START Source records

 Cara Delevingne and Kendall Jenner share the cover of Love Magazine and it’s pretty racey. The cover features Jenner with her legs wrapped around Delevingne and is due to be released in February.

END Source records
START Source records

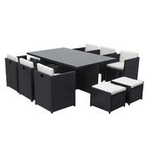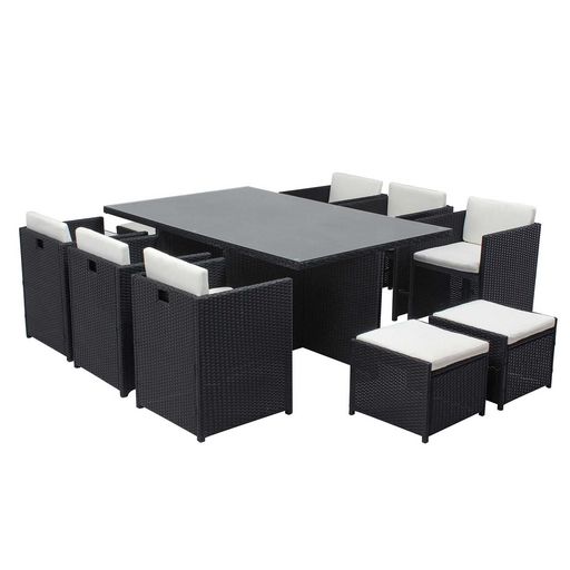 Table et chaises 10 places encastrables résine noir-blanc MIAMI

END Source records
START Source records

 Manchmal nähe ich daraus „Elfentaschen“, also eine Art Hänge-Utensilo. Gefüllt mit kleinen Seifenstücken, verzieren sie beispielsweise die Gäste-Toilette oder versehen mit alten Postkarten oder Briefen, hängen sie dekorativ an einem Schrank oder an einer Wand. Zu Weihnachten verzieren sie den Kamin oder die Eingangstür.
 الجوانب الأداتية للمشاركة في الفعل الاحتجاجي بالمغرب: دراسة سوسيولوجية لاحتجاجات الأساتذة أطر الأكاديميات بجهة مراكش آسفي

END Source records

Taking the records above, retype every line from the one with "Manchmal nähe ich" down to the one with "الجوانب الأداتية للمشاركة", exactly and with nothing else.

 Manchmal nähe ich daraus „Elfentaschen“, also eine Art Hänge-Utensilo. Gefüllt mit kleinen Seifenstücken, verzieren sie beispielsweise die Gäste-Toilette oder versehen mit alten Postkarten oder Briefen, hängen sie dekorativ an einem Schrank oder an einer Wand. Zu Weihnachten verzieren sie den Kamin oder die Eingangstür.
 الجوانب الأداتية للمشاركة في الفعل الاحتجاجي بالمغرب: دراسة سوسيولوجية لاحتجاجات الأساتذة أطر الأكاديميات بجهة مراكش آسفي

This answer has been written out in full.